Aquella pregunta borró la sonrisa del rostro de Veronika. Meneó la cabeza con vehemencia, consciente de que la conversación había tomado un rumbo demasiado desagradable. En voz baja y mientras acariciaba la melena rubia de su hija, le dijo:
– Eso es algo en lo que no tienes que pensar, porque tú no vas a morir.
– ¿Y cómo lo sabes, mamá? -preguntó Frida llena de curiosidad.
– Lo sé y basta.
Veronika se levantó bruscamente y, con el corazón tan encogido que le costaba respirar, fue al pasillo.
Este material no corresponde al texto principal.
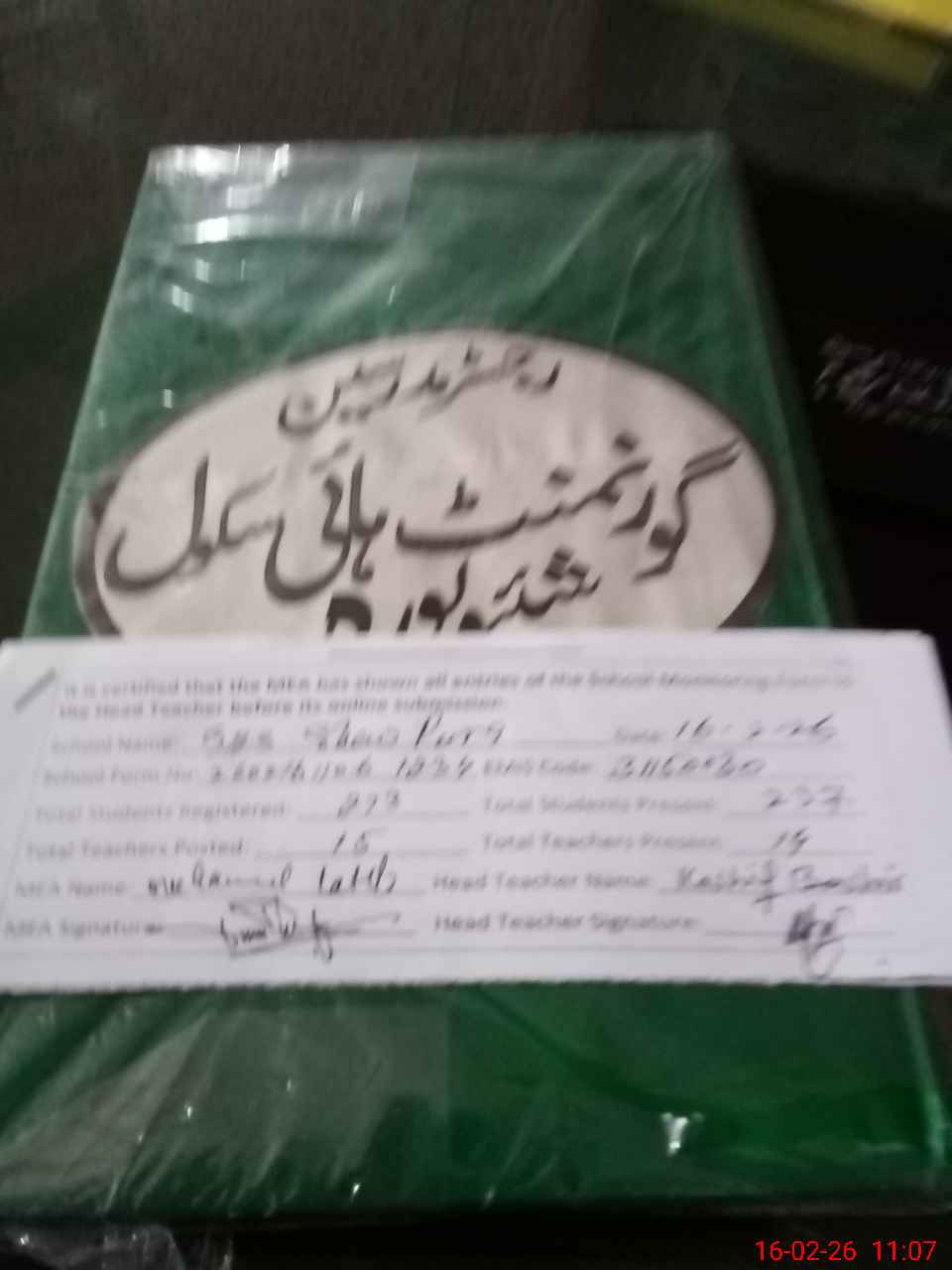| Certified that this School was Inspected by the Undersigned MEA/DMO Today and the Information Stated Above is as Per Record. | |||||

Sin darse la vuelta para que su hija no la viese llorar, le gritó en un tono de innecesaria rudeza:
– Ponte el abrigo. Nos vamos a hablar con la policía ahora mismo.
Frida obedeció. Pero mientras se dirigían al coche, se encogió inconscientemente bajo el pesado cielo gris. Esperaba que su madre tuviese razón. Esperaba que Sara no se enfadase con ella.